Problem —
From the material below, retype exactly the lines that begin at the line with "картонный блистер, европодвес" and end after the line with "23일 네덜란드 암스테르담에서"; pictures stay out of the copy.

Dataset records —
--- START ---

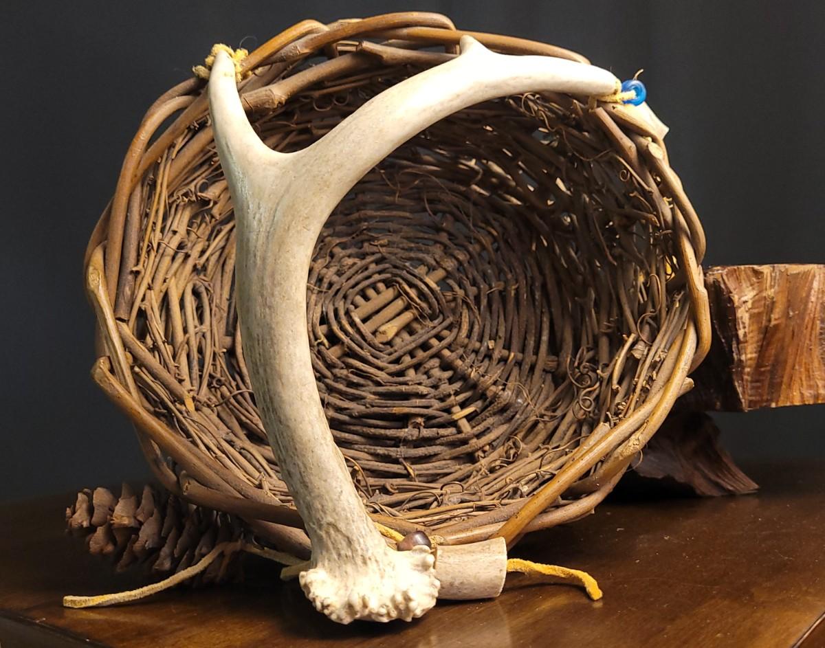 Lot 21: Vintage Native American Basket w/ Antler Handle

--- END ---
--- START ---

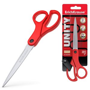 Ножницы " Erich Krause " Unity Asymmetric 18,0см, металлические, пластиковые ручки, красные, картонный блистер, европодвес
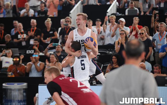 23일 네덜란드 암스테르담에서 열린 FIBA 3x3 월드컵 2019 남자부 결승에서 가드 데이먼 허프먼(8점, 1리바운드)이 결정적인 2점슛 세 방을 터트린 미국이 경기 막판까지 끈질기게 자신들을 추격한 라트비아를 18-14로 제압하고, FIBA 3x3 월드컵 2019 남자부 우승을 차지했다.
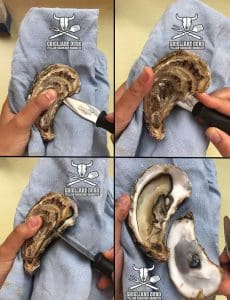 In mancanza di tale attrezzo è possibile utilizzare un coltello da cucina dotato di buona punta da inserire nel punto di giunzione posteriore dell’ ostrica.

--- END ---

Written answer —
 Ножницы " Erich Krause " Unity Asymmetric 18,0см, металлические, пластиковые ручки, красные, картонный блистер, европодвес
 23일 네덜란드 암스테르담에서 열린 FIBA 3x3 월드컵 2019 남자부 결승에서 가드 데이먼 허프먼(8점, 1리바운드)이 결정적인 2점슛 세 방을 터트린 미국이 경기 막판까지 끈질기게 자신들을 추격한 라트비아를 18-14로 제압하고, FIBA 3x3 월드컵 2019 남자부 우승을 차지했다.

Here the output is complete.